If you’ve seen any of the previous pictures that I’ve posted of ISS passes over the years (go ahead, look now if you want, I’ll wait) you’ll have seen that they’re all different. The one constant is that they’re west to east paths (within certain ranges), but every time there are different paramters. Like where the ISS rises in the west (-ish) and where it sets in the east (-ish). How much of the pass is visible – for an evening pass the ISS often passes into shadow somewhere along the line, while for pre-dawn passes (which I am NOT getting up for about 99.999% of the time!) it will appear out shadow somewhere overhead. Another key is how high it gets. Sometimes it’s down near the northern or southern horizon and you just barely see it above the horizon.

The spectacular passes are when it goes from horizon to horizon while passing through or near the zenith, the spot directly overhead. Those are the brightest passes, and the longest.

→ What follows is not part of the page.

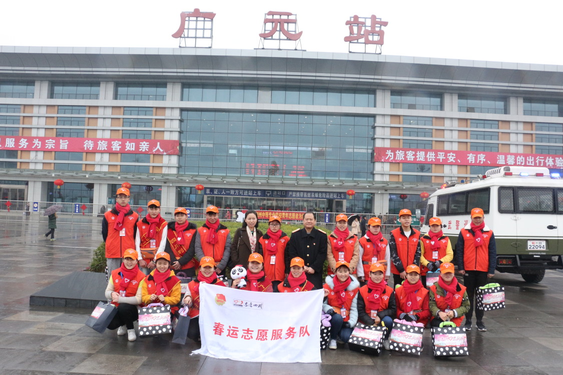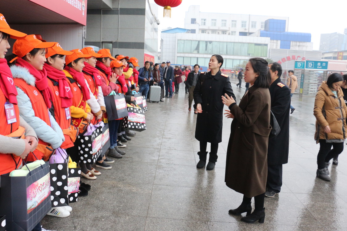 “志愿者们,你们辛苦了,正是因为你们的付出和坚守,我们广元这座城市变得更温暖!”2月6日上午,团市委副书记黄燕一行来到广元火车站,亲切看望慰问我校的春运志愿者,向他们送去价值3000元的慰问品,致以新春的祝福,与他们亲切交谈,了解志愿者的工作和服务感受,对志愿者们用实际行动温暖旅客表示感谢和肯定,并对他们放弃休息时间坚持开展志愿服务的精神大加赞赏,更勉励同学们们在未来这十几天春运返程的高峰期,克服连日上岗的疲惫感,用更加热情、更加细致、更加周到的服务为旅客送上广元的祝福。

Tonight’s pass, courtesy of Heavens-Above.com:

Look at that track! Starting at the lower right in the southwest, through the zenith (okay, 88º elevation, where the zenith is at 90º), and back down to the horizon in the northeast. Of course, this almost guaranteed that it would be cloudy, because Murphy’s an asshole.

Much to my surprise, it was clear as a bell.

The good news is that the pass was spectacular. The bad news is that I live in the middle of a big city with a ton of street lights, general light pollution, and every house lit up with porch and security lights. So there’s a lot of glare.

I first saw it with the naked ey about the time it crossed the path of that aircraft in the lower left. The coastal fog and haze will do that. But it got bright quickly and climbed out of that haze. Then, when it got into the wires overhead, it was time to quickly flip the tripod 180º and look toward the northeast.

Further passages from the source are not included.